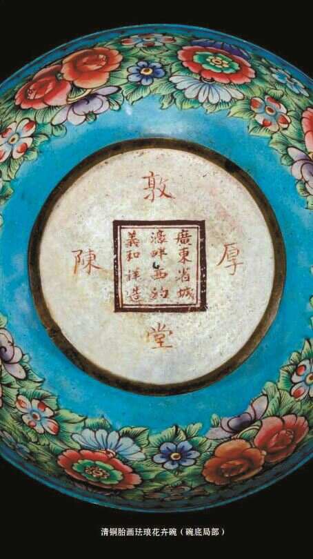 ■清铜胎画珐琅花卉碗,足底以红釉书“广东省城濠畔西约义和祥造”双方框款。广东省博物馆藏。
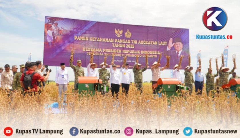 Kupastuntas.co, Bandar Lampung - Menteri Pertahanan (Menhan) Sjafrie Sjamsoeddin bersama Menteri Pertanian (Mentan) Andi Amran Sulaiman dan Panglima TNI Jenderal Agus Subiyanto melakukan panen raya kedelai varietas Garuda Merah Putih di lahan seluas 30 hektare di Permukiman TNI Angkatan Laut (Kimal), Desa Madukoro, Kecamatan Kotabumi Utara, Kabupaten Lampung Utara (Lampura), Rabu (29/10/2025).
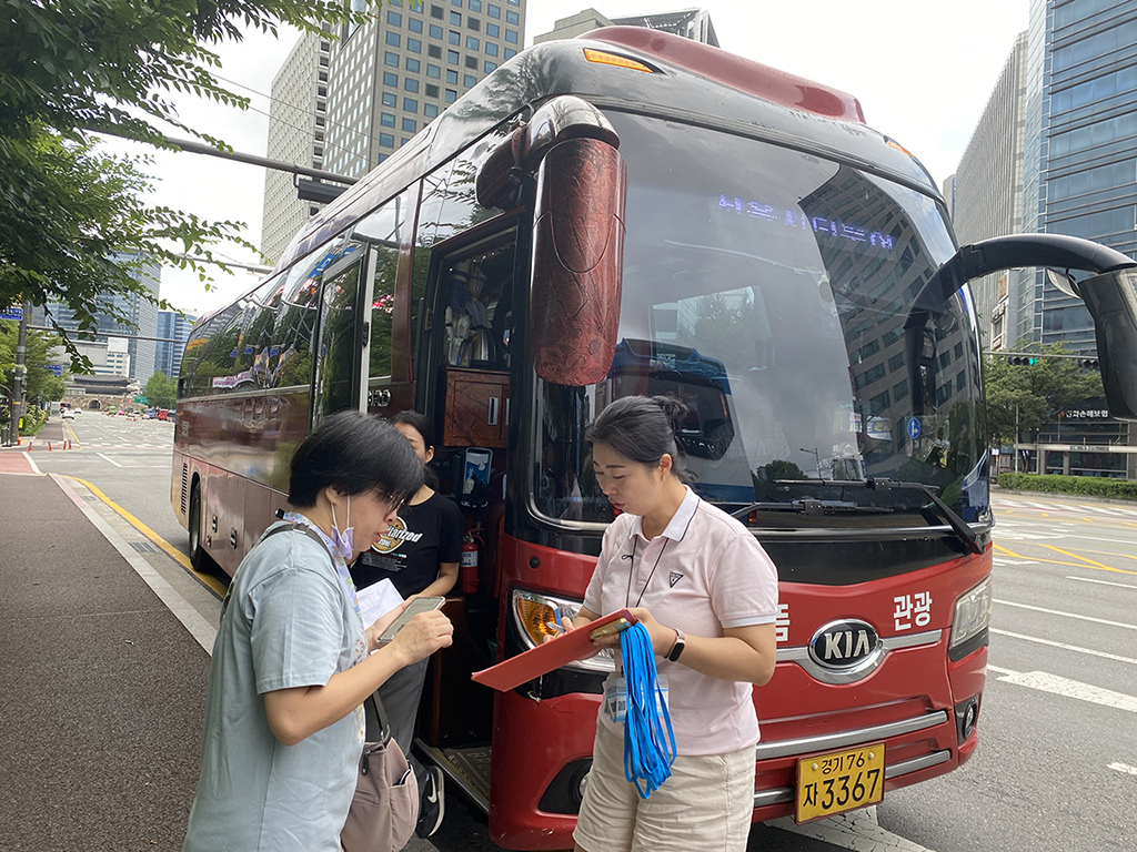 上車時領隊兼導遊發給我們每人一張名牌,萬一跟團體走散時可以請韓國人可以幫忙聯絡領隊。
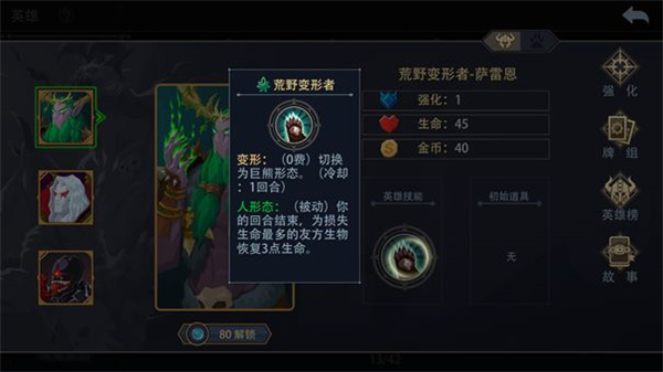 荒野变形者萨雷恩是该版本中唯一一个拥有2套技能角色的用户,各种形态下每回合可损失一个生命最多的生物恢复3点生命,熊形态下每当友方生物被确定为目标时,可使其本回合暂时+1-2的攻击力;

****

# EXERCISE GOAL:
Give every line above again exactly, with no pictures.

# RESPONSE TO THIS EXERCISE:
 ■清铜胎画珐琅花卉碗,足底以红釉书“广东省城濠畔西约义和祥造”双方框款。广东省博物馆藏。
 Kupastuntas.co, Bandar Lampung - Menteri Pertahanan (Menhan) Sjafrie Sjamsoeddin bersama Menteri Pertanian (Mentan) Andi Amran Sulaiman dan Panglima TNI Jenderal Agus Subiyanto melakukan panen raya kedelai varietas Garuda Merah Putih di lahan seluas 30 hektare di Permukiman TNI Angkatan Laut (Kimal), Desa Madukoro, Kecamatan Kotabumi Utara, Kabupaten Lampung Utara (Lampura), Rabu (29/10/2025).
 上車時領隊兼導遊發給我們每人一張名牌,萬一跟團體走散時可以請韓國人可以幫忙聯絡領隊。
 荒野变形者萨雷恩是该版本中唯一一个拥有2套技能角色的用户,各种形态下每回合可损失一个生命最多的生物恢复3点生命,熊形态下每当友方生物被确定为目标时,可使其本回合暂时+1-2的攻击力;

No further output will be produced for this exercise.